Set in 1988, Henk Rogers (Taron Egerton) is a representative of Bullet-Proof Software as his company markets his newest video game at the Consumer Electronics Show in Las Vegas. While there, he instead becomes enamored with the game Tetris, created by Soviet programmer Alexey Pajitnov, who works for government-owned ELORG in the Soviet Union.

Rogers explains to a bank manager that Robert Stein of Andromeda Software had obtained the worldwide licensing rights to Tetris from ELORG, and signed a contract with media tycoon Robert Maxwell and his son, CEO of Mirrorsoft, Kevin Maxwell, allowing them to distribute Tetris in exchange for game royalties.
Rogers is put in the position where he is asked to juggle the rights of the video game in the arcade version of Tetris in order to make a big score for his company and turn around the life of him and his family. However, when it’s discovered that the entities involved don’t have the rights they claimed, Rogers is put in a position where he has to fly out to Russia in the middle of a communist revolt and obtain the rights from the source.
This endeavor proves to be more than he can handle as Rogers not only puts his family’s well-being and reputation on the line but his life as well. ‘Tetris’ is a appealing international thriller taking the story of one of the most simplistic video games in history and turning it into a chess match between multiple Nations.

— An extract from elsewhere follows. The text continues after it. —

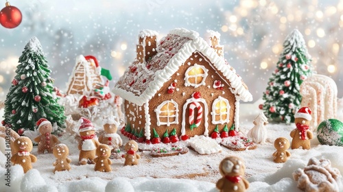 A festive gingerbread house scene adorned with snow, candies, and holiday decorations.

The film dives between attempting to secure the rights to a video game that is owned by Russia to a Japanese company that is looking to redistribute those games in the United States and all over the world.
The film is placed in the backdrop of the late 1980s at the cusp of the fall of the USSR and Germany. The relations between the United States and Russia at the time were still volatile and a man wanting to buy the rights of a video game was viewed as an enemy of the state as a man was seen as capitalism opening the doors to the country.
Taron Egerton gives a strong performance in this movie as Henk Rogers and it takes a film that could have come out flat with the subject matter of the film and makes it a very engaging story that never loses its Pace throughout the course of the early 2 hours. Sofia Lebedeva who is still young in her career does a very impressive job with the limited amount of screen time that she has playing essentially two different characters a naive interpreter versus a more Stern KGB officer defending the National Security of our country.

The serious and dramatic portrayal of this story does the film far more wonders than tackling it from a comedic standpoint cuz it allows the audience to understand the seriousness of the situation at hand which makes a far more engaging story than a movie that would refuse to take a subject like this seriously.
Tetris is an absolute diamond in the rough of dark pile of streaming service films that does the job of a major motion picture. Tetris is certainly a pick for one of the best movies of the year.